**EXERCISE AIM:** Beginning at the line that contains "Rys prehadzuje kus mäsa prednými labami." and finishing at the line that contains "ROPÉ PICNIC【サマー・ツイード】ハーフスリーブカーディガンキナリ /", output the data below exactly. Include both end lines and no pictures.

**LISTED ENTRIES:**
○ ○ ○

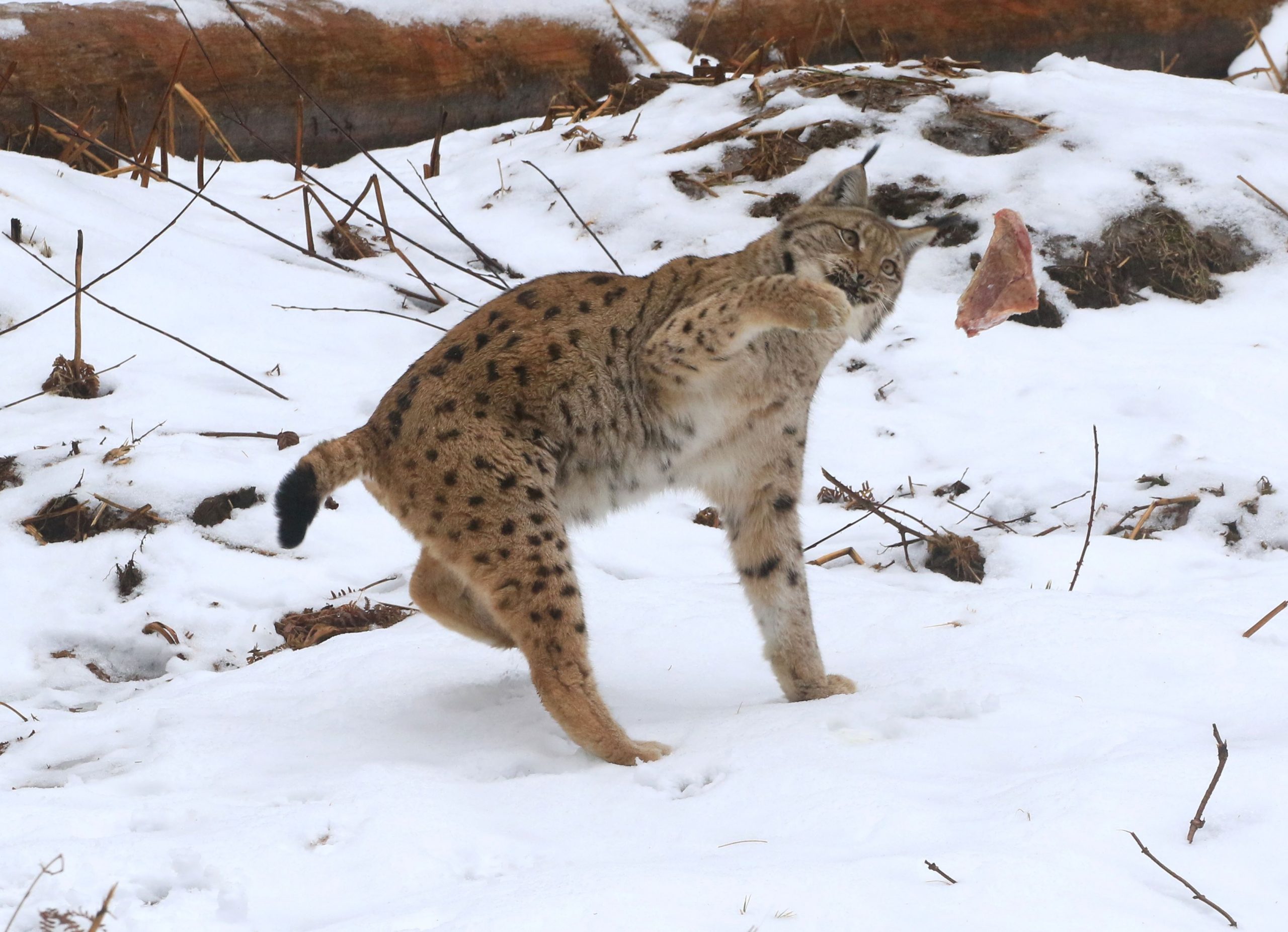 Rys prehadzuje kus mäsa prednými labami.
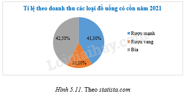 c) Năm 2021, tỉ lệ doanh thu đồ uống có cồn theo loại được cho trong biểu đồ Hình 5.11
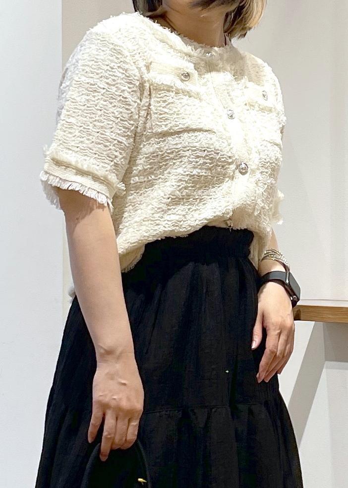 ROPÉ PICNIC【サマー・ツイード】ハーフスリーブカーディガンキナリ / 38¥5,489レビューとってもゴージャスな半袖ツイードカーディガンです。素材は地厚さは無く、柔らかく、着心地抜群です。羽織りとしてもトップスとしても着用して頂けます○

○ ○ ○

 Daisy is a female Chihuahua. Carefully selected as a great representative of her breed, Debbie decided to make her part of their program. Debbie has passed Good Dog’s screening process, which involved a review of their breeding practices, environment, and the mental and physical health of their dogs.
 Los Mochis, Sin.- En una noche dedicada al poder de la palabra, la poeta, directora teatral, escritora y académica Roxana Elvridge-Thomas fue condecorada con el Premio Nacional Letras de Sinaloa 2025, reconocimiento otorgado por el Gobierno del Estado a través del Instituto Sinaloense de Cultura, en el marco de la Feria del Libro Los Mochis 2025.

○ ○ ○

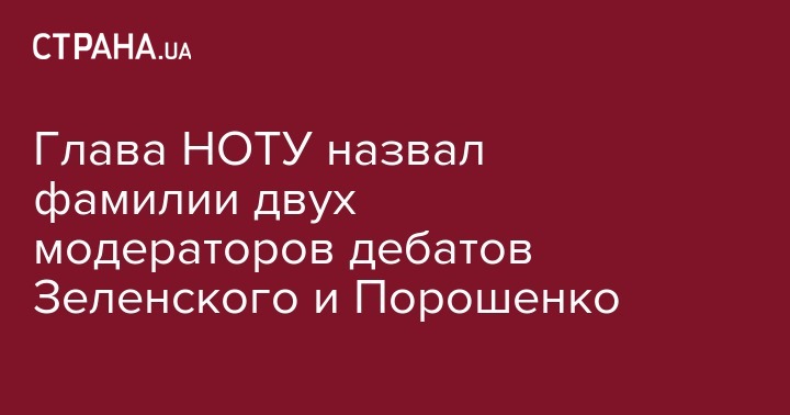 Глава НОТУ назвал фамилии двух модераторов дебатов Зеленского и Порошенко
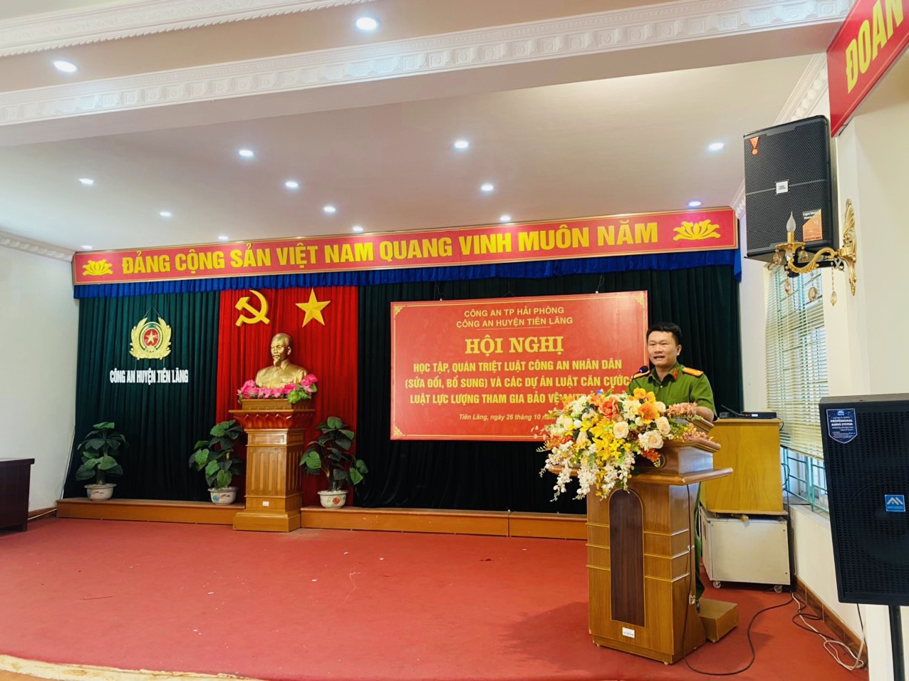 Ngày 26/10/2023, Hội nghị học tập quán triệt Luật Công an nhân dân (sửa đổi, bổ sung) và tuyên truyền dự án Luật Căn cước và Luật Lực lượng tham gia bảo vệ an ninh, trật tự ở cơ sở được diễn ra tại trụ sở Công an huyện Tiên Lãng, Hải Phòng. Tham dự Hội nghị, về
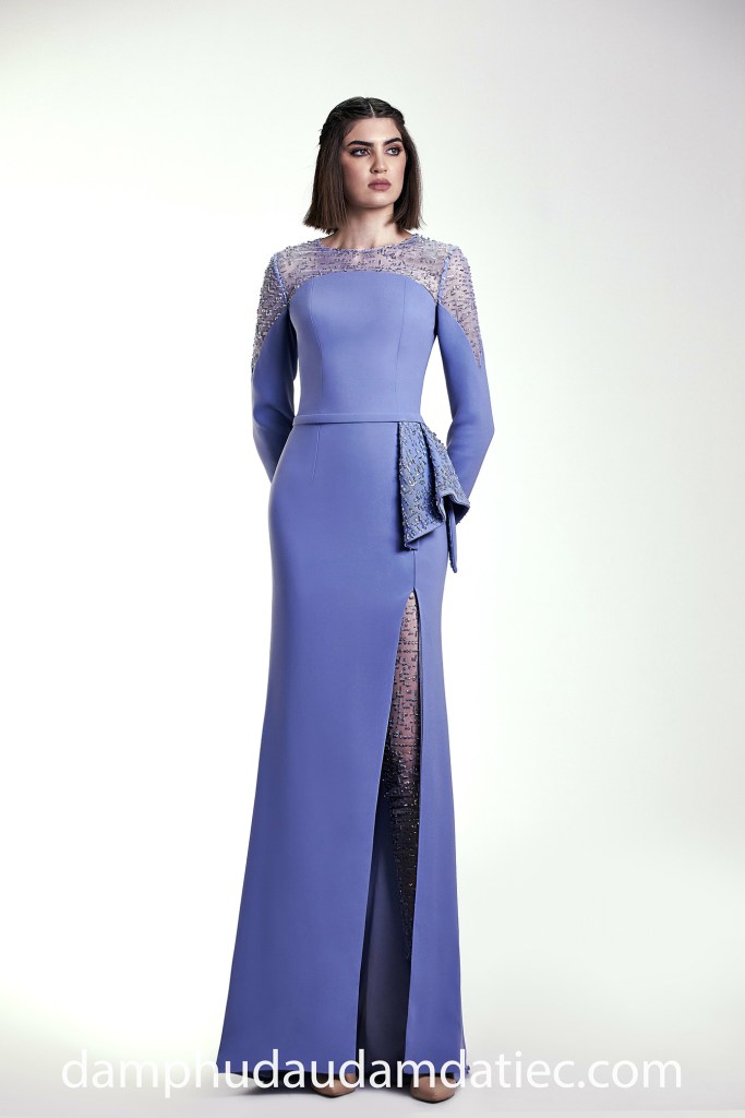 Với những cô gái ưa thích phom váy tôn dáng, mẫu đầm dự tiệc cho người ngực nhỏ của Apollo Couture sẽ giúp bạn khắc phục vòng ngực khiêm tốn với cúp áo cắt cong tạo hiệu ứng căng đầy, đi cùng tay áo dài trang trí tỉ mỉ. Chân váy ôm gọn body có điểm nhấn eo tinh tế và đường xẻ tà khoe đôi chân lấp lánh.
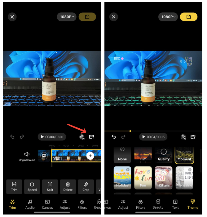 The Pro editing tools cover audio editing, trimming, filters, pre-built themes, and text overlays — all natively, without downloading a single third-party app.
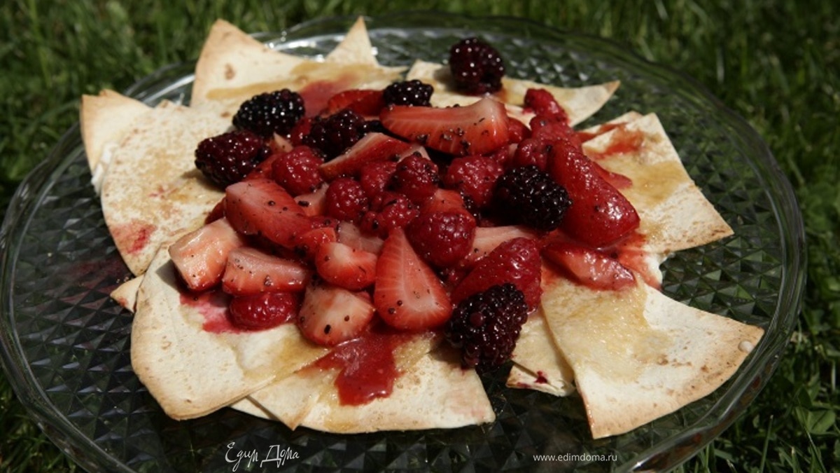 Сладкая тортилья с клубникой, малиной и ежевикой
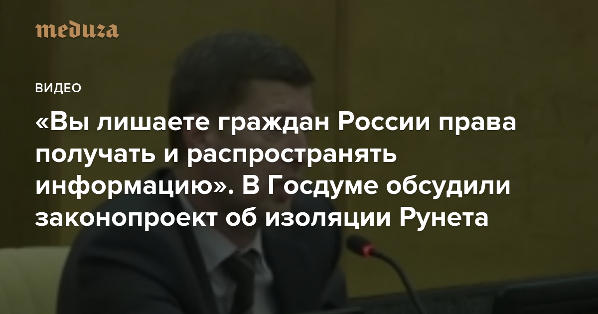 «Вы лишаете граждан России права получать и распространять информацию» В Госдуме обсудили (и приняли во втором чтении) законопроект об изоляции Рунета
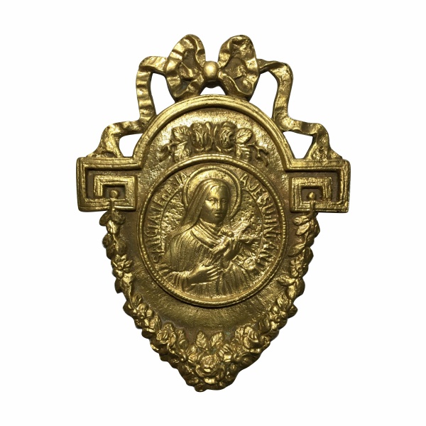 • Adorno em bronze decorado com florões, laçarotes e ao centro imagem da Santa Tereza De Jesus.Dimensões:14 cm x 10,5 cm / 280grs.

○ ○ ○

**OUTPUT OF THE EXERCISE:**
 Rys prehadzuje kus mäsa prednými labami.
 c) Năm 2021, tỉ lệ doanh thu đồ uống có cồn theo loại được cho trong biểu đồ Hình 5.11
 ROPÉ PICNIC【サマー・ツイード】ハーフスリーブカーディガンキナリ / 38¥5,489レビューとってもゴージャスな半袖ツイードカーディガンです。素材は地厚さは無く、柔らかく、着心地抜群です。羽織りとしてもトップスとしても着用して頂けます○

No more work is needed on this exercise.